### Goal of the exercise
The expected output is the full set of entries, printed exactly, without pictures.

(Recorded data)
──────────

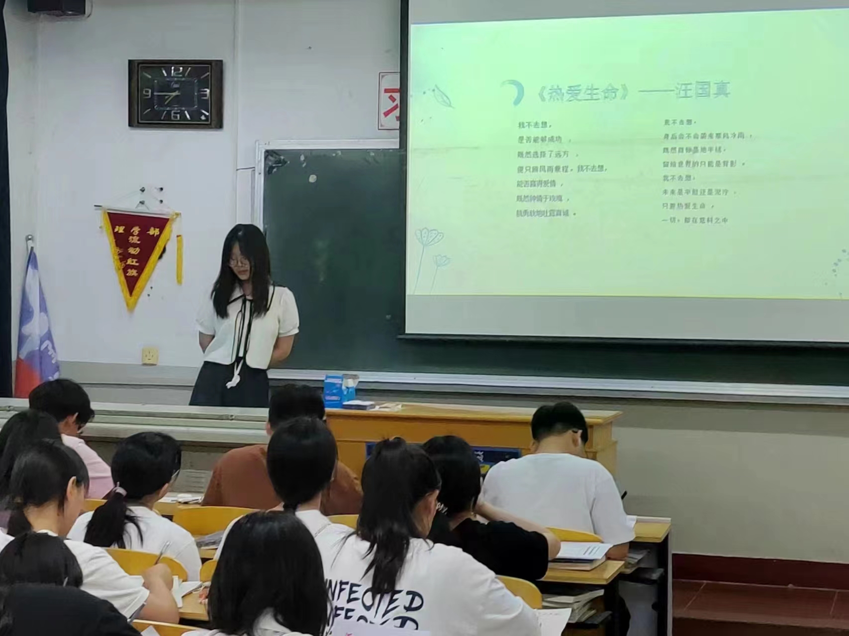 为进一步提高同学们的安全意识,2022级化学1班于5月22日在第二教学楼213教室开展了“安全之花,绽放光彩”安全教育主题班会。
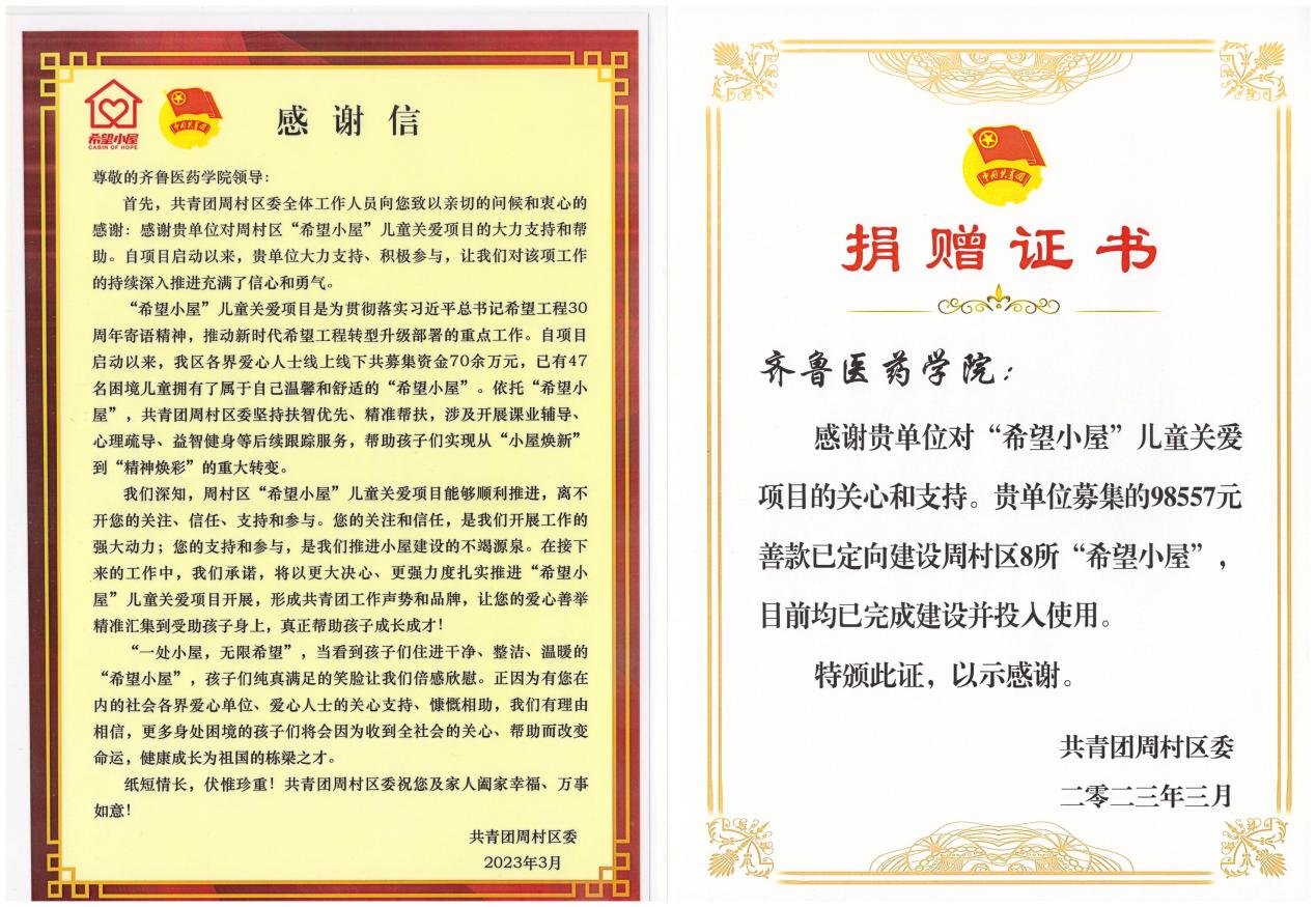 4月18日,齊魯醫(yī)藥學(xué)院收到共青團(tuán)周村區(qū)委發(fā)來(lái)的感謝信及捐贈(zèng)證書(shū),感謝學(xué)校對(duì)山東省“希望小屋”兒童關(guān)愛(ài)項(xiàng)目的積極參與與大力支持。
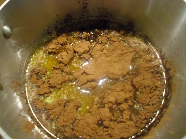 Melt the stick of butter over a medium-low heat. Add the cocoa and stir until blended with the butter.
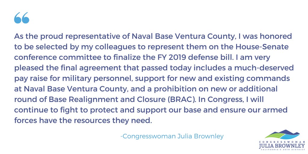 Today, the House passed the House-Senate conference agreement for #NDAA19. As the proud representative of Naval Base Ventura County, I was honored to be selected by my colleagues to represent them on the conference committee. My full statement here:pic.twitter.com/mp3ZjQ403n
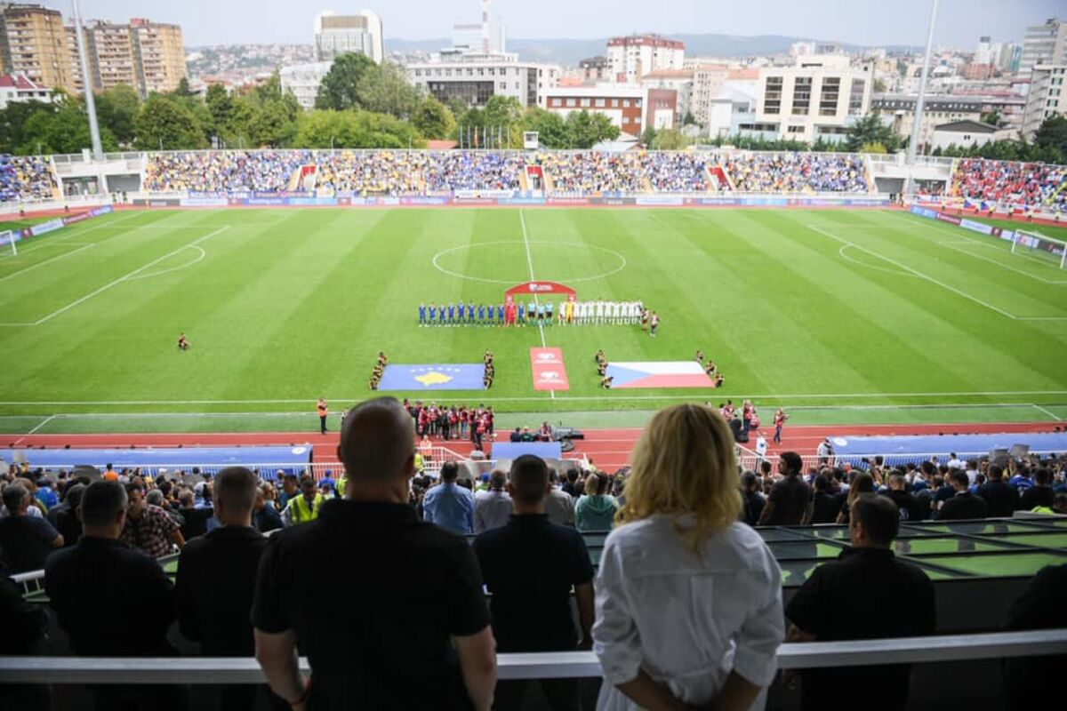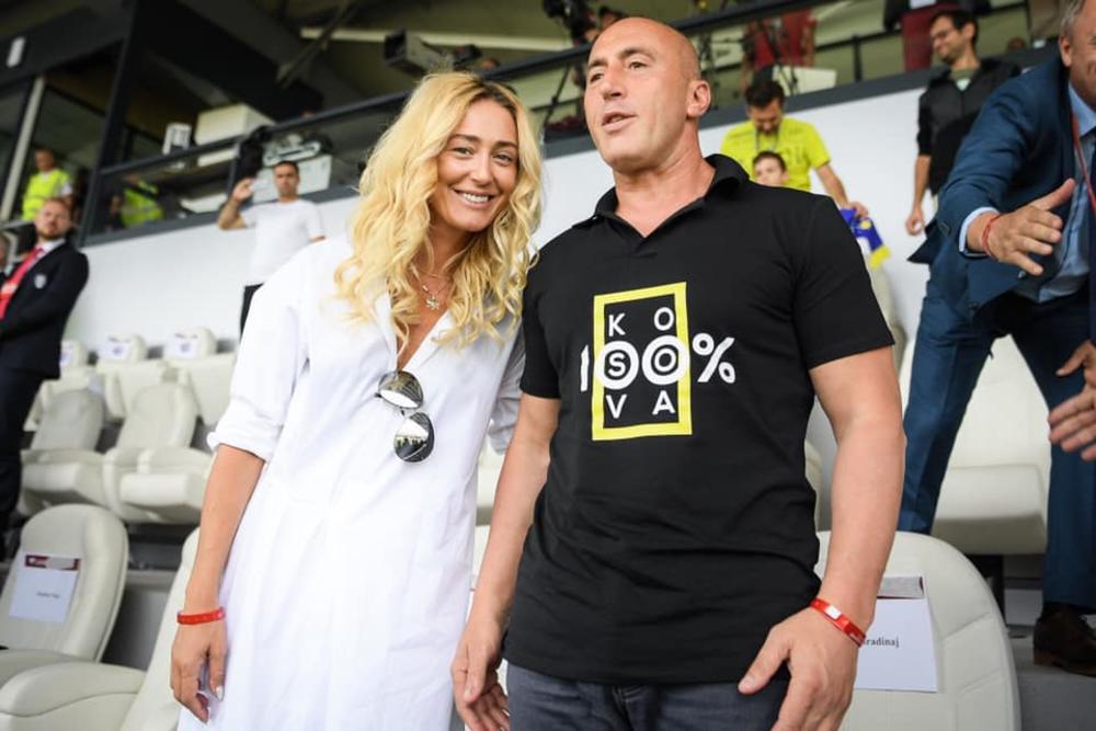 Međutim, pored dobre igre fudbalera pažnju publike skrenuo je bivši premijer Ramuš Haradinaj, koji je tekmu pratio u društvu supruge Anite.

──────────

### Answer below
 为进一步提高同学们的安全意识,2022级化学1班于5月22日在第二教学楼213教室开展了“安全之花,绽放光彩”安全教育主题班会。
 4月18日,齊魯醫(yī)藥學(xué)院收到共青團(tuán)周村區(qū)委發(fā)來(lái)的感謝信及捐贈(zèng)證書(shū),感謝學(xué)校對(duì)山東省“希望小屋”兒童關(guān)愛(ài)項(xiàng)目的積極參與與大力支持。
 Melt the stick of butter over a medium-low heat. Add the cocoa and stir until blended with the butter.
 Today, the House passed the House-Senate conference agreement for #NDAA19. As the proud representative of Naval Base Ventura County, I was honored to be selected by my colleagues to represent them on the conference committee. My full statement here:pic.twitter.com/mp3ZjQ403n
 Međutim, pored dobre igre fudbalera pažnju publike skrenuo je bivši premijer Ramuš Haradinaj, koji je tekmu pratio u društvu supruge Anite.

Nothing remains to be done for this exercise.